What strikes me as odd about these quotes is that they were able to identify the floor which "buckled" from close to the building at street level. Maybe they should have said 3/4 from the bottom or similar. These quotes sound like people talking and don't know how to describe what they saw.
 
What strikes me as odd about these quotes is that they were able to identify the floor which "buckled" from close to the building at street level. Maybe they should have said 3/4 from the bottom or similar. These quotes sound like people talking and don't know how to describe what they saw.

Only one of those interviews mentions a specific floor. The interview was five weeks later, and he may well have incorporated the videos and descriptions from the constant TV coverage into his account.
 
So my questions are:
  1. Is there video or photographic evidence the Twin Towers had some buckling too?
  2. Can 'buckling' be understood in a more general way or is it always meant in the oral histories I've quoted in the way NIST uses it for describing the phenomenon how the columns or the external frame of WTC 7 buckled in the NIST simulations?

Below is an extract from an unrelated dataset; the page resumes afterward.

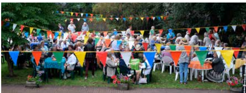
Aiapidu eelmise aasta 30. augustil.

Jaanuari viimasel kolmapäeval kella 10–18 ootab pererahvas kõiki huvilisi päevakeskuse. Kuna siin käiakse tavapäraselt vahetusjalatsites, siis on palve võtta need kaasa. Huvilistele näidatakse kogu maja, räägitakse kaasalöömise võimalustest, külastatakse huviringe, pakutakse oma tehtud joogi- ja söögipoolist. Kell 14 annab ühingu naisansambel Nostalgia meeleoluka kontserdi. Võimalik on vestelda ühingu eakamate liikmetega

1. Just the inward buckling/bending. Seen at 1:20 here:

Source: https://www.youtube.com/watch?v=TJJPYTVjxug


2. People are going to use "buckling" to mean a range of things. It think in the context of the towers it's more used as a descriptor for sudden loss of support. It's not a common everyday word, and most people will encounter it in the semi-figurative usage of a person collapsing, "their knees buckled" — i.e. a sudden loss of support.
 
Even in a structural context, there's two very distinct types of buckling. There's slender column buckling, which in the WTC case would happen over several floors. Then there's local buckling, which a shorter section of a box column might experience.
squidgedColumnBIG.jpg

What you mostly see in the collapse of the towers is the exterior sections coming apart at the joins. Kind of bucking like a knee does.